To minimize exposure to Coronavirus disease 2019 (“COVID‑19”), and under the authority of P.L.2020, c.3, which authorized the Director of the Division of Consumer Affairs (“Director”) to waive any requirement of State law or regulation that may be necessary to facilitate the provision of health care services using telemedicine and telehealth during the Public Health Emergency declared in response to COVID-19, the Director issued Administrative Order 2020-15 on August 11, 2020.  The Administrative Order permits a physician issuing a certification for the use of medical cannabis to utilize a telemedicine encounter to satisfy the prescribing requirements, provided it is consistent with the standard of care and that certain other conditions are satisfied.  Administrative Order 2020-15 took effect immediately and remains in place through the end of the Public Health Emergency and State of Emergency declared in Executive Order No. 103 (2020), or the end of the telemedicine allowance designated by the United States Secretary of Health and Human Services, whichever occurs first.

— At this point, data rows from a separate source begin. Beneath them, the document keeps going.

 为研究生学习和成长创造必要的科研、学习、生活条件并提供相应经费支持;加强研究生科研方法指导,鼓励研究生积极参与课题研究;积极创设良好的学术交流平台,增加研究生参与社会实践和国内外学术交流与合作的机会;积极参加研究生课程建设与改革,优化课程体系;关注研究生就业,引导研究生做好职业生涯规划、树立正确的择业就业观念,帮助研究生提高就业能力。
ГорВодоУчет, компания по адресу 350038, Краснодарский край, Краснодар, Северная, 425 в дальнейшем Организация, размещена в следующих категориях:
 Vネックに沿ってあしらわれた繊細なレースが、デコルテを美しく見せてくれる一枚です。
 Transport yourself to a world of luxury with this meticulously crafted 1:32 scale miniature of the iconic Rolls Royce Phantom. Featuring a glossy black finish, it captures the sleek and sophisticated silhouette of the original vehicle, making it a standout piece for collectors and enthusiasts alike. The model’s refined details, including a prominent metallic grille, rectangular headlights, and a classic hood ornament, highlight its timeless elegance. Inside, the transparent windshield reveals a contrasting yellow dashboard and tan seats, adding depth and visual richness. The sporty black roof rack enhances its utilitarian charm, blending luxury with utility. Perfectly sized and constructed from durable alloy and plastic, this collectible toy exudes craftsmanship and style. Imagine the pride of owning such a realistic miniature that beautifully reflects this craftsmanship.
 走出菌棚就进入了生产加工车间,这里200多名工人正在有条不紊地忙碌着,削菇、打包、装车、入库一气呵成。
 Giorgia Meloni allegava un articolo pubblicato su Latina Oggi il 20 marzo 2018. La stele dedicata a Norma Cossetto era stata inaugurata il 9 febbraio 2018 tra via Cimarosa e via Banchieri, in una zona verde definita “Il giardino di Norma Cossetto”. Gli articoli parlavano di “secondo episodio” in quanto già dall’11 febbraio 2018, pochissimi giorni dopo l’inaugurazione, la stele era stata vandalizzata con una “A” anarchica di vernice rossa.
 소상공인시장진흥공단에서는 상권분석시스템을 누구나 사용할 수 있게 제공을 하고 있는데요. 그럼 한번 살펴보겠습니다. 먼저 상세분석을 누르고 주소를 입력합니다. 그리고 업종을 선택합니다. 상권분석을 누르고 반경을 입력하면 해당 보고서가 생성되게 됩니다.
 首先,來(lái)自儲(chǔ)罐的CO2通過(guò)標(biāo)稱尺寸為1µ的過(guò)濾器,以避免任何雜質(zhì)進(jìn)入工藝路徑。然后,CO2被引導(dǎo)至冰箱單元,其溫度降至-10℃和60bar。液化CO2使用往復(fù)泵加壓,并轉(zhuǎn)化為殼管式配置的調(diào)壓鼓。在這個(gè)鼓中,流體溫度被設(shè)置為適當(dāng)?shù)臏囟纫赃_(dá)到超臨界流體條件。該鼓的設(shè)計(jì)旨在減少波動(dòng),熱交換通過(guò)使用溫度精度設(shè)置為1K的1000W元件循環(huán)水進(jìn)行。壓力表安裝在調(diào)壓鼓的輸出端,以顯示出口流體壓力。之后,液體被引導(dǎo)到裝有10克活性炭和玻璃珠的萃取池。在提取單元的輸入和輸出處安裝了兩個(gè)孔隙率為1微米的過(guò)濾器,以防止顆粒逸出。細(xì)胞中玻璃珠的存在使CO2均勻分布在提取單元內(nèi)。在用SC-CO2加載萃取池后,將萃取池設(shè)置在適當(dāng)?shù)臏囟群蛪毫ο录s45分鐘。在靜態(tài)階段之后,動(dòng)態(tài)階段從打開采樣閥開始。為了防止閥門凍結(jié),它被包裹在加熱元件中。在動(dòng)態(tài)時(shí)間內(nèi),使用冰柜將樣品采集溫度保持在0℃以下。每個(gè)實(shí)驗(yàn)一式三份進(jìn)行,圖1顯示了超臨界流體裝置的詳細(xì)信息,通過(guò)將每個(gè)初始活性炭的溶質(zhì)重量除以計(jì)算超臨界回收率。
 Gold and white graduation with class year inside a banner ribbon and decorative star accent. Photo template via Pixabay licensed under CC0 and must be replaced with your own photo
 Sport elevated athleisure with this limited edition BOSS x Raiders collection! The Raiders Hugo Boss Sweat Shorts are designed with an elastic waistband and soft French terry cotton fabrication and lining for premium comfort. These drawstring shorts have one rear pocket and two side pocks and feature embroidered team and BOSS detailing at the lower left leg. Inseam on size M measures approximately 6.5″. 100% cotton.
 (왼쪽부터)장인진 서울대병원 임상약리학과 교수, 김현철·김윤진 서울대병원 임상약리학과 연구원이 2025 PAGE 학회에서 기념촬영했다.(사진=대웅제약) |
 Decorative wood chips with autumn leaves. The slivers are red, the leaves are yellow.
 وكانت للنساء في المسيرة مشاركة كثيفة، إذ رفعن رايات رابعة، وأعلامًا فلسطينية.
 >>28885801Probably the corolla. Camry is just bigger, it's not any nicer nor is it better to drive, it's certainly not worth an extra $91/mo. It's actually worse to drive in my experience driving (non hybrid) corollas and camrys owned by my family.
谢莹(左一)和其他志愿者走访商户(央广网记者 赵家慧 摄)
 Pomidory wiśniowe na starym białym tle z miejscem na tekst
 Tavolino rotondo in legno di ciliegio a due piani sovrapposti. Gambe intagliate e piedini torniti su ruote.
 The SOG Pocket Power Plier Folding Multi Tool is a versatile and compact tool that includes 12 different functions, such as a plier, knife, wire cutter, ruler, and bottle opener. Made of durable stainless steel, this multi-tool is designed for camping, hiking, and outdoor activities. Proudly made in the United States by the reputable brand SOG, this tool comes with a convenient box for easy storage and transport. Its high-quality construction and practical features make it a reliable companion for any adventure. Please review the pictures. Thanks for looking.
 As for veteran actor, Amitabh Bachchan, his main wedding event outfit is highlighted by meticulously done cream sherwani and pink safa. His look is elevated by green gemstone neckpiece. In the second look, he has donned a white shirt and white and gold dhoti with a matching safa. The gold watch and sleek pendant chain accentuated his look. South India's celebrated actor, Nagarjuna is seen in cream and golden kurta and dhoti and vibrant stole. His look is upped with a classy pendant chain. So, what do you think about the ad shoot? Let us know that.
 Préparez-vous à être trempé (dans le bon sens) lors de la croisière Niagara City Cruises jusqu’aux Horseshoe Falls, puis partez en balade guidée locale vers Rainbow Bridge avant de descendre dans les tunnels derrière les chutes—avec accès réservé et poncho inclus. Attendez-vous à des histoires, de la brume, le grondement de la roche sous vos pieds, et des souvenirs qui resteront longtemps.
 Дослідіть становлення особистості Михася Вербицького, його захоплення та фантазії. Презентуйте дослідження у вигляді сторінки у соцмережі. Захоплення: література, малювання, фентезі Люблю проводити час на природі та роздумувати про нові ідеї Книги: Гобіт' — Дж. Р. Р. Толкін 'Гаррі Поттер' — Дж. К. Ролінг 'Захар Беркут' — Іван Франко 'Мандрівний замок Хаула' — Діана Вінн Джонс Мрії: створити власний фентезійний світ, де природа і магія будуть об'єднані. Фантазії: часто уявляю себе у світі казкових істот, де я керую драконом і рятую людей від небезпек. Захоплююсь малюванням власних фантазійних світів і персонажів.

I commend the bill’s sponsors for working to facilitate access to medical cannabis for those who need it and I agree that telehealth authorization should continue even after the emergencies in response to COVID-19 are lifted.  I am concerned, however, that the bill places undue limitations on the use of telehealth in this context that are overly restrictive and unnecessary for patient safety.  For example, the bill would immediately, and for a period of nine months, disqualify many patients who have been successfully utilizing telehealth and telemedicine services in accordance with the authorization provided by the Director’s Administrative Order.  These patients would subsequently be required to submit to mandatory in-person office visits when their eligibility resumes.  I do not agree with resurrecting old barriers to access, particularly as the pandemic continues.

I am therefore recommending revisions that will mirror the broad telehealth and telemedicine authorization granted in the Administrative Order.  My amendments will authorize telehealth and telemedicine for all patients, provided it is otherwise consistent with the standard of care.  Importantly, my revisions allow practitioners to require in-person visits either as part of the initial consultation or the continued authorization, when the practitioner determines an in-person visit is necessary for a particular patient.


Accordingly, I herewith return Senate Bill No. 619 (Second Reprint) and recommend that it be amended as follows:

Page 2, Section 1, Line 28:        Delete “For a period of 270 days following the effective date of” and insert “A health care practitioner may initially authorize any qualifying patient for the medical use of cannabis using telemedicine or telehealth, provided that the use of telemedicine or telehealth, rather than an in-person visit, is consistent with the  standard of care required  for assessment and treatment of the patient’s condition.  Following the initial authorization, the practitioner may provide continued authorization for the use of medical cannabis via telemedicine or telehealth if the practitioner determines that an in-person visit is not required, consistent with the standard of care.  The practitioner may require in‑office consultations if additional consultations are necessary to continue to authorize the patient’s use of medical cannabis.”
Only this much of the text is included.